(For more resources related to this topic, see here.)
Let us take a close look at our current setup, which we created, for monitoring a localhost. Icinga by default comes with object configuration for a localhost. The object configuration files are inside /etc/icinga/objects for default installations.
$ ls /etc/icinga/objects commands.cfg notifications.cfg templates.cfg contacts.cfg printer.cfg timeperiods.cfg localhost.cfg switch.cfg windows.cfg
There are several configuration files with object definitions. Together, these object definitions define the monitoring setup for monitoring some services on a localhost.

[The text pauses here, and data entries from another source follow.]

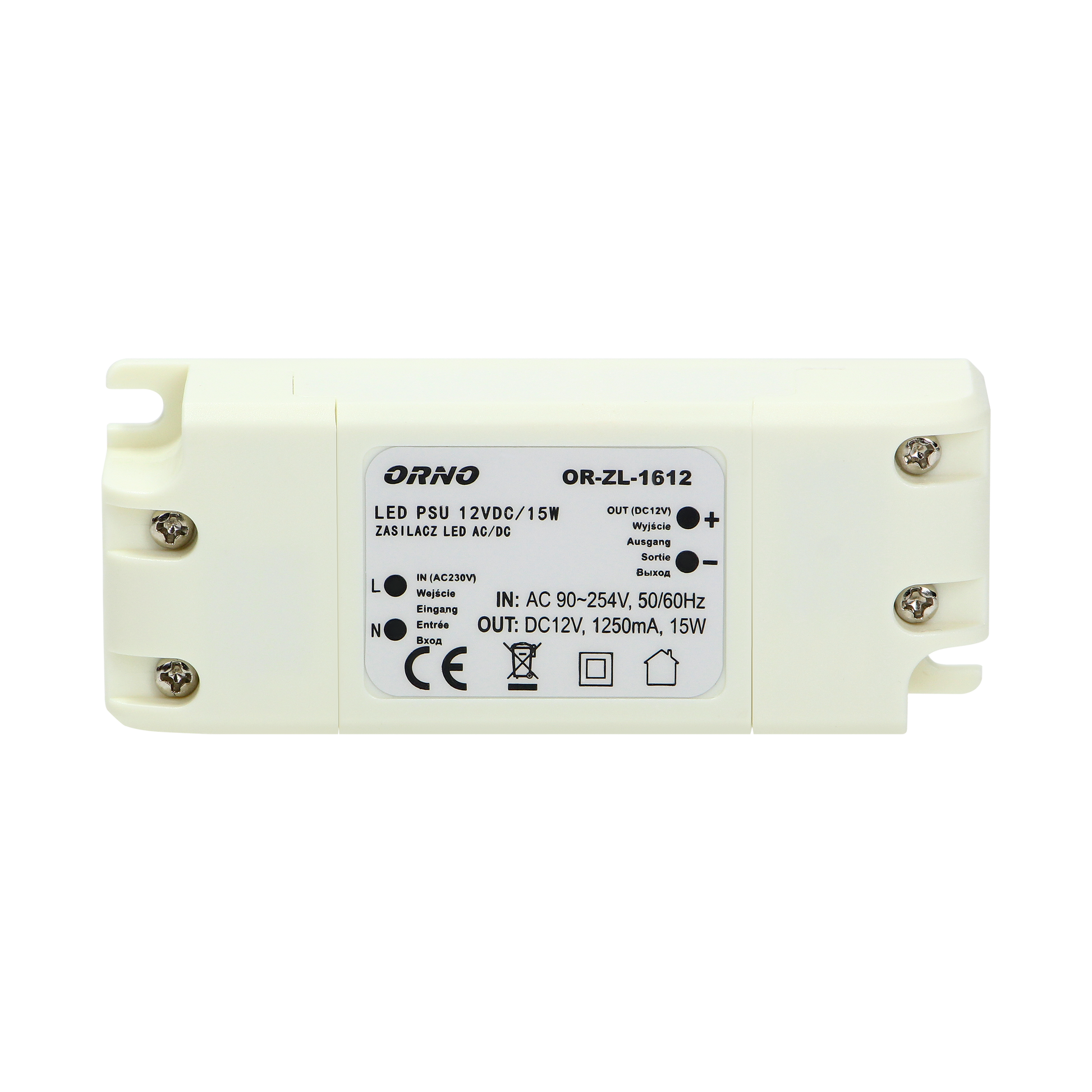Kleines Netzteil für LED-Beleuchtungssysteme, einschließlich einzelner LEDs, Streifen, LED-Streifen, Glühbirnen, Module oder Schläuche, ausgestattet mit Halterungen zur Befestigung an der Wand oder Decke. Konstante Ausgangsspannung unabhängig von der zulässigen Last, Absicherung: Sicherung 2A/250V.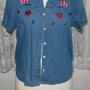 Excellent Condition on this lovely Ladies short sleeve shirt, Size Large Misses. It is 100% Cotton Lightweight Denim, smooth & soft. White buttons up the front and Red white & blue embroidery on both sides of the bodice front. Also has crystals on front. The measurements are: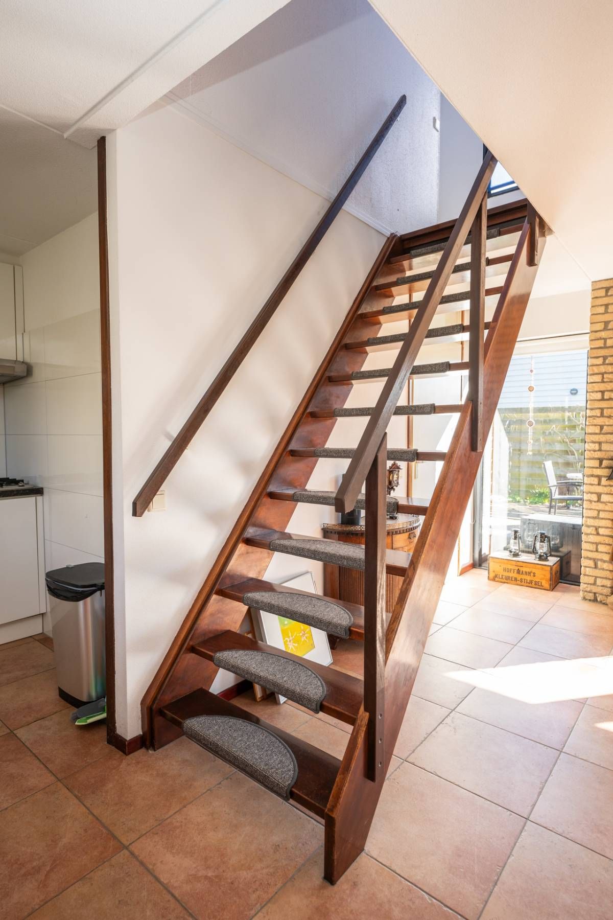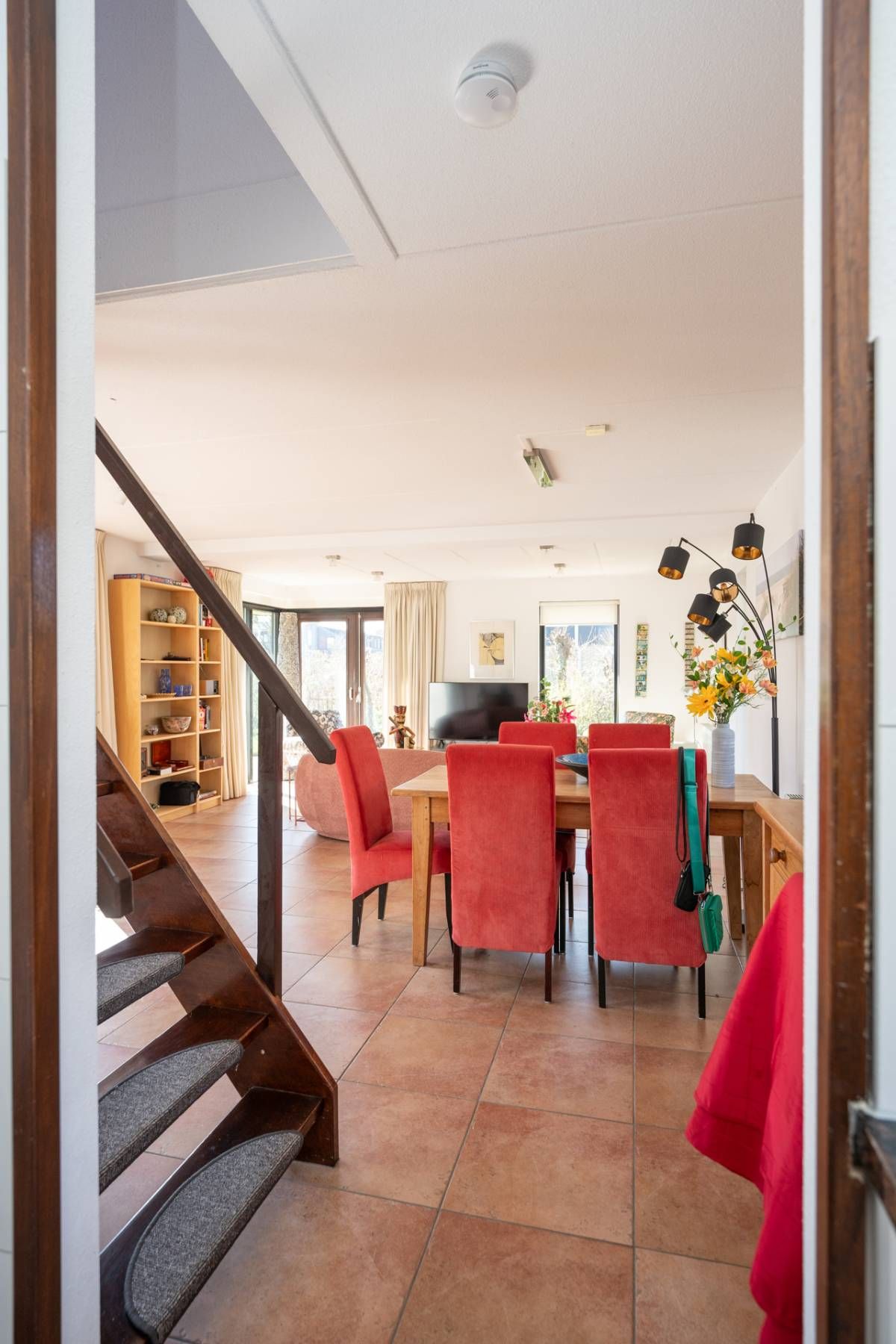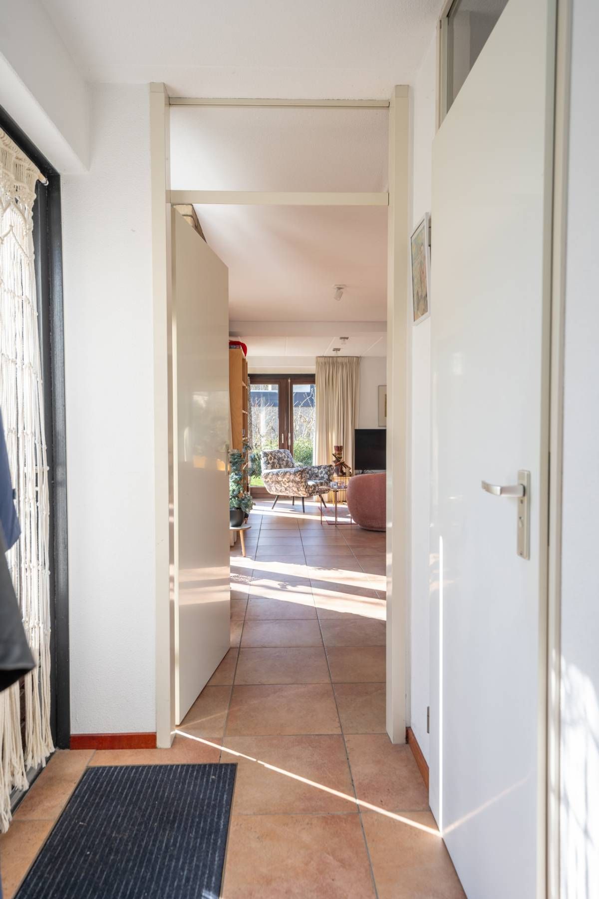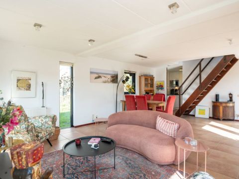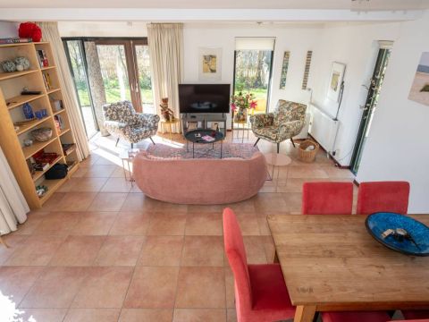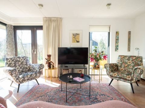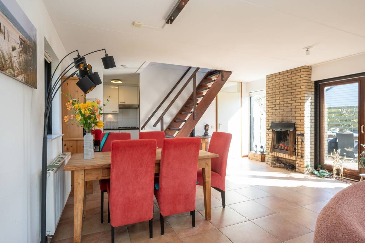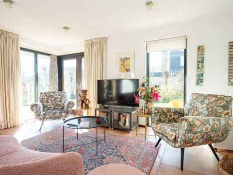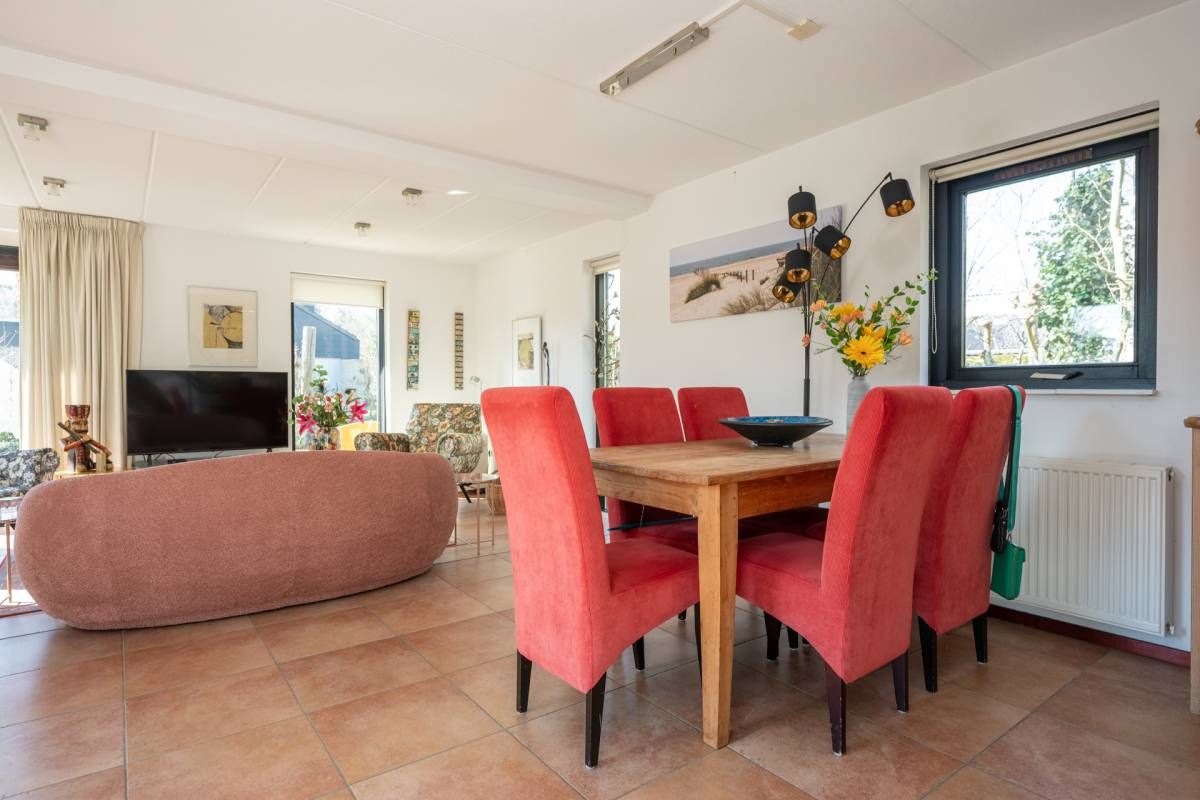 De woning verwelkomt u met een lichte en sfeervolle woonkamer, waarin grote ramen een prachtig uitzicht bieden op de tuin.

Let's first look at localhost.cfg, which has most of the relevant configuration. We have a host definition:
define host{ use linux-server host_name localhost alias localhost address 127.0.0.1 }
The preceding object block defines one object, that is, the host that we want to monitor, with details such as the hostname, alias for the host, and the address of the server—which is optional, but is useful when you don't have DNS record for the hostname. We have a localhost host object defined in Icinga with the preceding object configuration.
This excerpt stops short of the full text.